A Tale of Two Sports
“It’s about the speed and the improvisation,” says Peter Iannone, CFO of freight forwarder Unitrans International, about his love of ice hockey. “You have a position, but that doesn’t mean much. You have to improvise and move around out there.”
Iannone taking a 45-minute hike up a mountain in Silverton, Co., for his next run.
At age 56, Iannone, who’s been playing hockey since he was five, still plays in an adult men’s league twice a week, year-round. “I grew up in New England while Bobby Orr was on the Bruins,” he says. “It wasn’t a matter of whether you played hockey. It was whether you were any good.”
Iannone lists snow skiing as a hobby of equal import as hockey. “In my mid-20s, I started dating a girl whose whole family skied.
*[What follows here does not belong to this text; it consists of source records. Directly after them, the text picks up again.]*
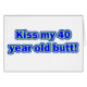 Kiss my 40 year old butt! Humourous design for the 40 year old who loves to make people laugh. Makes a great 40th birthday gift.
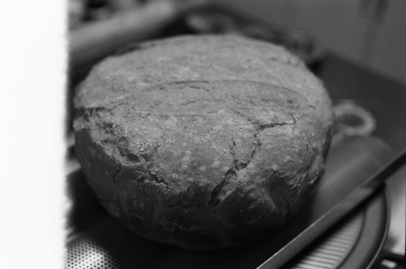 Bread made in a Cast Iron Pan. Kodak TRI-X 400 film on the Nikon FM2n.
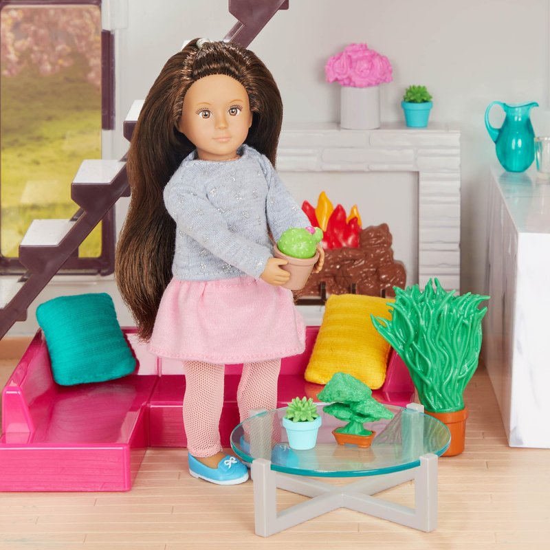 - Living Room Set: A trendy and colorful space where mini dolls can kick back, relax, or spend time with their friends! (Dolls sold separately.)
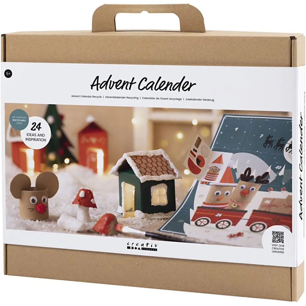 Este calendario de Adviento ofrece a los niños una auténtica experiencia de reciclaje navideño. Cuenta con 24 puertas, cada una de las cuales oculta un nuevo y divertido proyecto de reciclaje. Busca copas de huevo, cartones de leche y rollos de papel higiénico, y dales nueva vida con los materiales creativos del kit. El resultado es un maravilloso paisaje invernal que crece día a día.
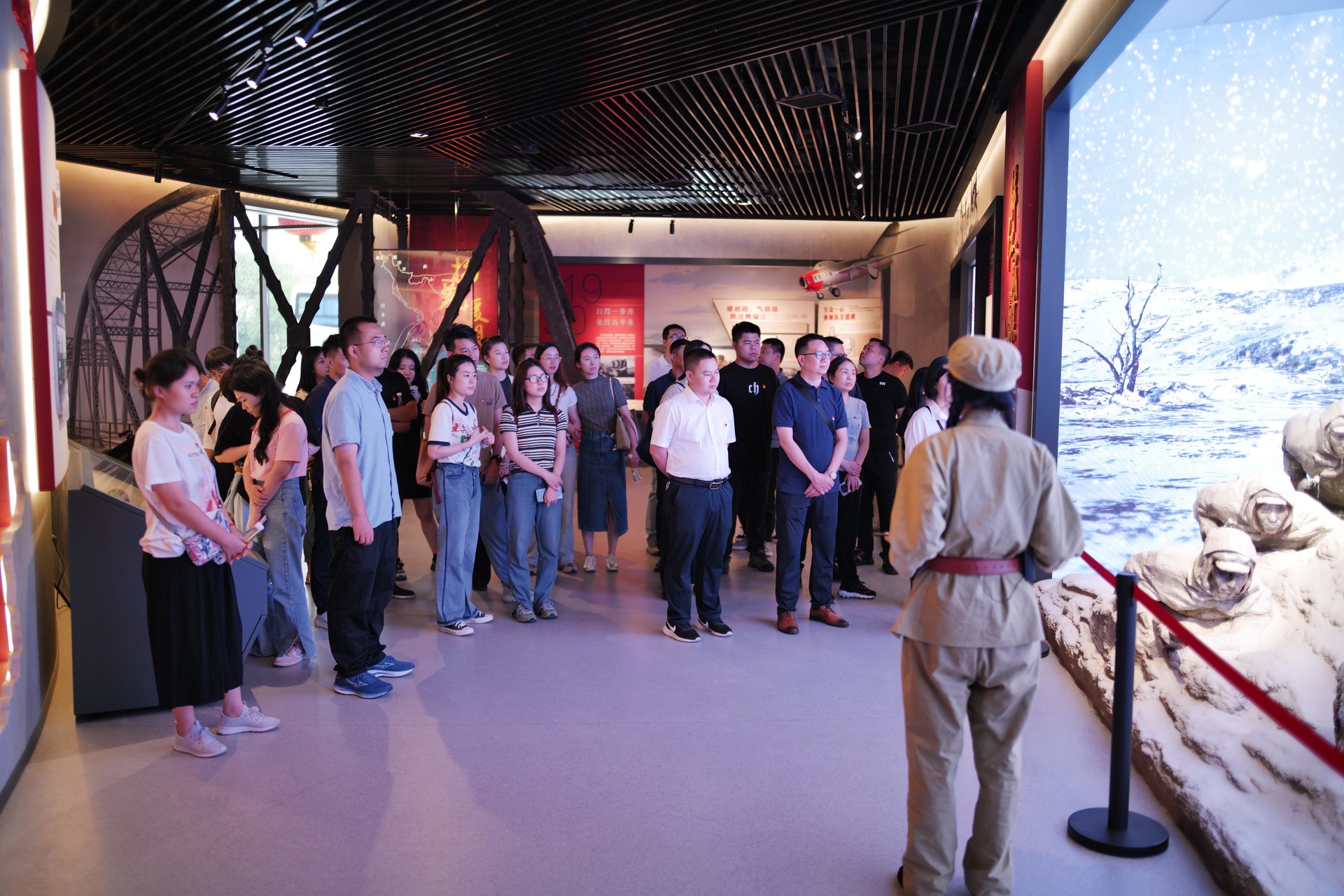 在活動現場,“抗美援朝保家園、鮮紅戰旗美如畫、勇士輝煌化金星、繼往開來譜新篇”四個展覽單元全面展示了一幅中國人民志愿軍奪取抗美援朝戰爭偉大勝利的歷史長卷。黨員們沿著紅色文化長廊前行,認真傾聽那些驚心動魄的戰斗故事,觀看全息投影和實景搭建的戰斗現場,沿著英雄們的足跡,追尋那段不朽的歷史記憶,身臨其境地感受了戰爭的激烈與殘酷,深入感悟英雄的豪邁愛國情懷以及“忠孝勤儉、敬業守法、誠實友愛、葆真求善”的家風內涵。

She said, ‘If this is going to work, you have to ski.’ Well, I’ve been married to her for 27 years, so I guess it worked.”
The tradition was passed down to the next generation. “We always told our three kids, ‘You can do whatever you want. If you don’t like hockey, no big deal. But you’re going to ski.’ It’s something we’ve always enjoyed together.”
In fact, Iannone’s son, who graduated from the University of Southern California in December, has been “a ski bum” since then in Jackson Hole, Wyo., where the family has relatives. “It’s good work if you can get it,” Dad observes.
But, Iannone is asked, which sport is his personal favorite?
Long pause. Big sigh. “Can I say both?” he pleads.